GIVEN RECORDS
------------------------------------------------------------

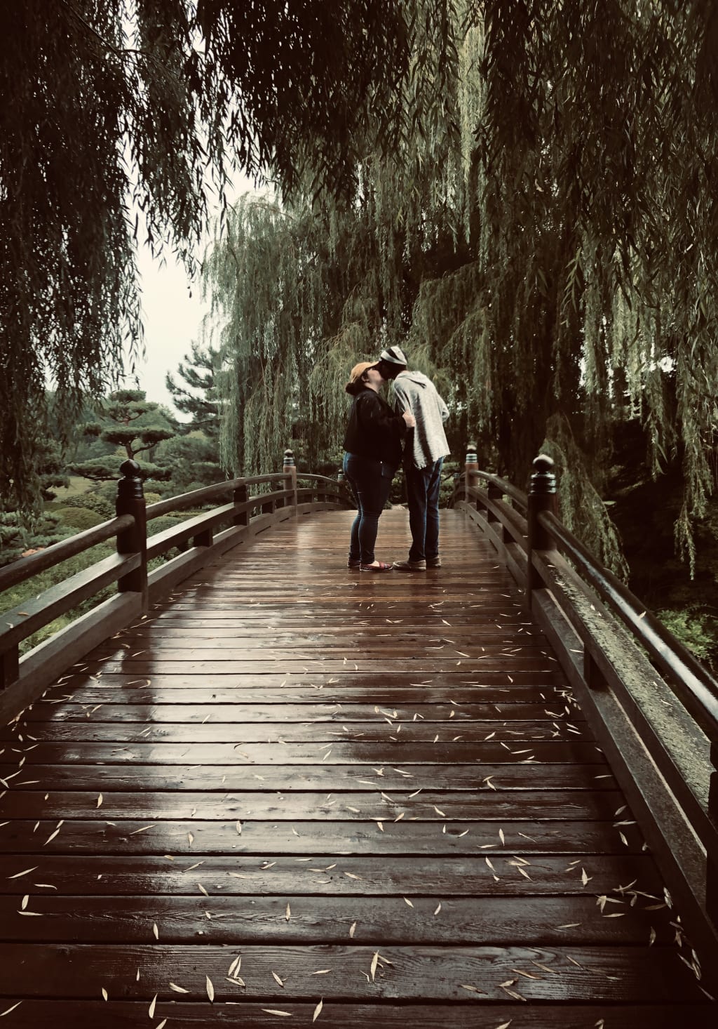 I took this photo on my iPhone using High Def. Resolution and a dramatic cool filter. The photo I took is a special moment I caught of my best friend showing her loving feelings for her husband in their favorite place, the Chicago Botanical Gardens. We were there so I could take photos of their one-year anniversary together. We had arrived on a rain day, which was perfect because there were fewer people there. As we were walking through the Botanical Gardens my friend requested to stop for a moment to admire the small lake in the gardens and to catch our breaths because of how large the botanicals were. I said yes and began to sit down and admire the view while my friend and her husband decided to walk onto the bridge and admire the surrounding areas around the lake. When I saw them on the bridge I decided to pull out my camera and get a couple of quick shots before they changed clothes and begin the actual shoot. They noticed what I was doing but paid no mind and continued looking around and feeling total bliss from their surroundings. I put my camera down after a while and pulled out my phone to send a text message to my boyfriend about how beautiful it was out here when I noticed them begin walking towards me but stopped. I knew I needed to switch over to my phone’s camera quick. As soon as I did I was able to take a photo of my friend kissing her husband without prompt or guide or their knowledge of what had just happened. They had thought I had stopped taking photos of them and that I wouldn’t use my cell phone to take the photo. I also didn’t realize that when I took the photo so quickly that I was using the dramatic cool filter, which added to the beauty of this photo. After that I had them change their clothes and I took photos of the two together in the rose gardens, then in the tropical, and a few other locations. After the shoot I went straight home and began editing all of their photos, except for the one on my phone. That one I left as it was because I couldn’t help but admire the beauty of how much she loved her husband and how much he loved her. That photo made me realize love is a sweet moment that most people take for granted while others try to show it as much as they can. After I finished editing all of the photos I messaged my friend saying that I was ready to show her and her husband their photos and scheduled a quick meet up spot. As we were going through the photos and remembering the moment I was holding back the joy of presenting this photo to her because I at first only provided the ones that were on my camera. As she saw the last photo she began telling me how wonderful the photos were and how much she appreciated them. At that moment I told her I appreciated the compliments but that there was still one last photo I had to show her. She was confused by what I had said and I told her to hang on one moment. I pulled out my cell phone and sent her a text of the photo. The moment she saw the photo, she began to tear up and thanked me even more. She told me this is a photo she always dreamed of, a photo that truly caught her love for her husband. I said thank you and after a few more words we parted ways but none of us will forget the beauty this photo has caught.
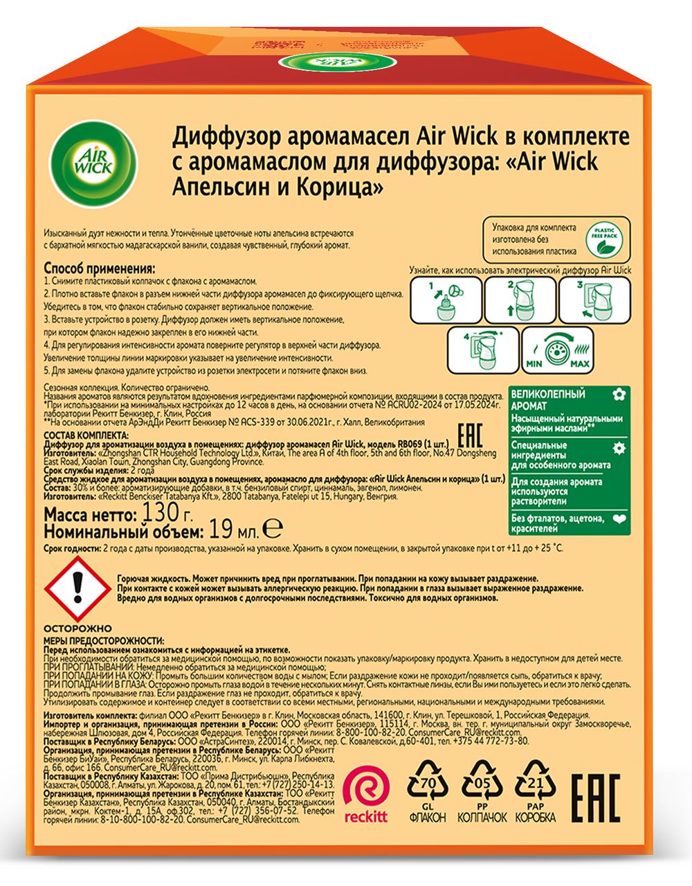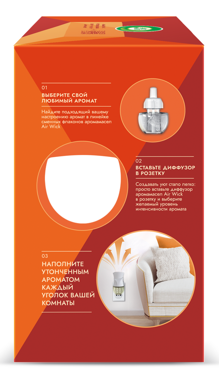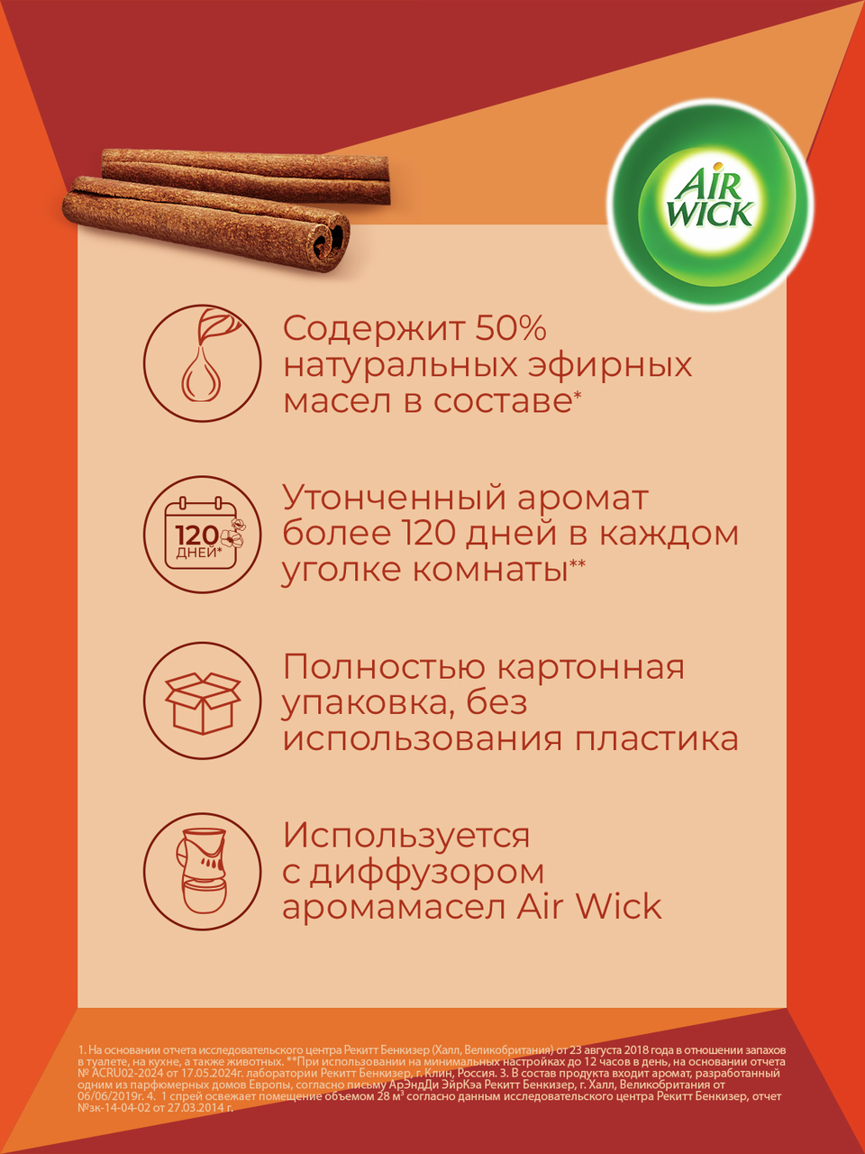Изысканный дуэт нежности и тепла. Утончённые цветочные ноты апельсина встречаются с бархатной мягкостью мадагаскарской ванили, создавая чувственный, глубокий аромат. Диффузор аромамасел Airwick наполнит Ваш дом ароматом, вдохновленным самой природой, который длится день за днем. Ощутите теплый аромат апельсина и корицы у себя дома вместе с Air Wick.
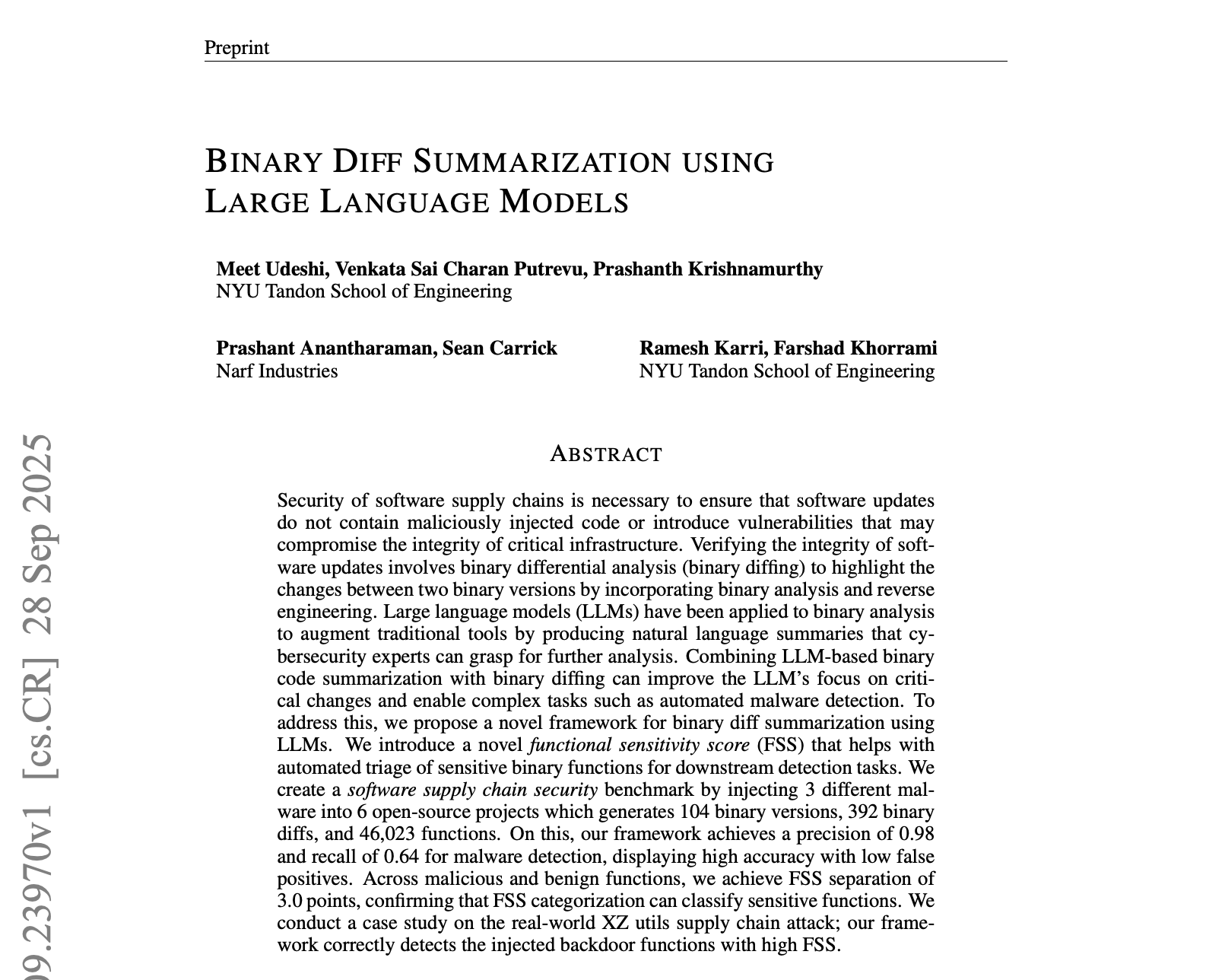 The paper highlights how ghidriff, our open-source Ghidra-based diffing tool, can serve as the foundation for next-generation vulnerability analysis pipelines. By combining binary diffing with LLM summarization, the authors demonstrate a powerful framework for software supply chain security.
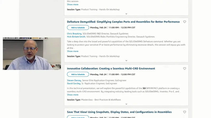 Bruce and Chris then provide a preview of the types of technical sessions that will be offered for both SOLIDWORKS as well as the Cloud Apps, promising hundreds of courses with invaluable information for everyone who attends.
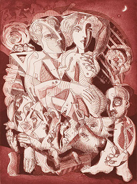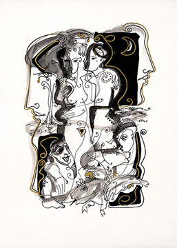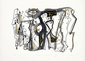 SARAMAGO HOMENAJE Amor imposible II Serigrafía, tinta china negra,dorada y/o plateada sobre papel 70 x 50 cm
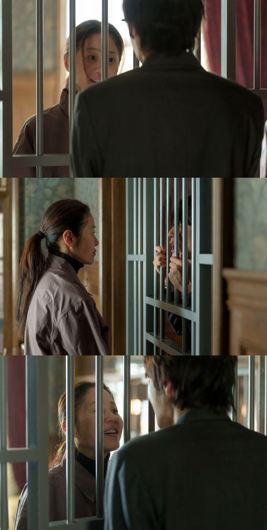 사진 속 정이신은 1회에서 아들 차수열과 만났던 연금주택 안에 있다. 정이신은 자신을 가둔 무거운 창살을 사이에 두고 의문의 남성과 대화 중이다. 정이신의 자신감 넘치는 표정과 흔들림 없는 눈빛이 미묘한 긴장감을 유발한다. 특히 마지막 사진에서는 정이신이 몸을 움직여 어떤 남자의 얼굴 가까이까지 확 다가간 모습. 정이신의 번뜩이는 눈빛이 보는 사람까지 숨을 멈추고 집중하게 만든다.
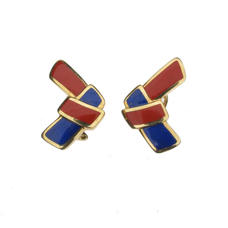 Tiffany. A pair of gold tied knot earrings. With enamel decoration. 3cm wide.

------------------------------------------------------------

EXERCISE
Each line from the one holding "Изысканный дуэт нежности" down to the end of the records is to be reproduced unaltered, and the pictures are to be omitted.

EXERCISE OUTPUT
Изысканный дуэт нежности и тепла. Утончённые цветочные ноты апельсина встречаются с бархатной мягкостью мадагаскарской ванили, создавая чувственный, глубокий аромат. Диффузор аромамасел Airwick наполнит Ваш дом ароматом, вдохновленным самой природой, который длится день за днем. Ощутите теплый аромат апельсина и корицы у себя дома вместе с Air Wick.
 The paper highlights how ghidriff, our open-source Ghidra-based diffing tool, can serve as the foundation for next-generation vulnerability analysis pipelines. By combining binary diffing with LLM summarization, the authors demonstrate a powerful framework for software supply chain security.
 Bruce and Chris then provide a preview of the types of technical sessions that will be offered for both SOLIDWORKS as well as the Cloud Apps, promising hundreds of courses with invaluable information for everyone who attends.
 SARAMAGO HOMENAJE Amor imposible II Serigrafía, tinta china negra,dorada y/o plateada sobre papel 70 x 50 cm
 사진 속 정이신은 1회에서 아들 차수열과 만났던 연금주택 안에 있다. 정이신은 자신을 가둔 무거운 창살을 사이에 두고 의문의 남성과 대화 중이다. 정이신의 자신감 넘치는 표정과 흔들림 없는 눈빛이 미묘한 긴장감을 유발한다. 특히 마지막 사진에서는 정이신이 몸을 움직여 어떤 남자의 얼굴 가까이까지 확 다가간 모습. 정이신의 번뜩이는 눈빛이 보는 사람까지 숨을 멈추고 집중하게 만든다.
 Tiffany. A pair of gold tied knot earrings. With enamel decoration. 3cm wide.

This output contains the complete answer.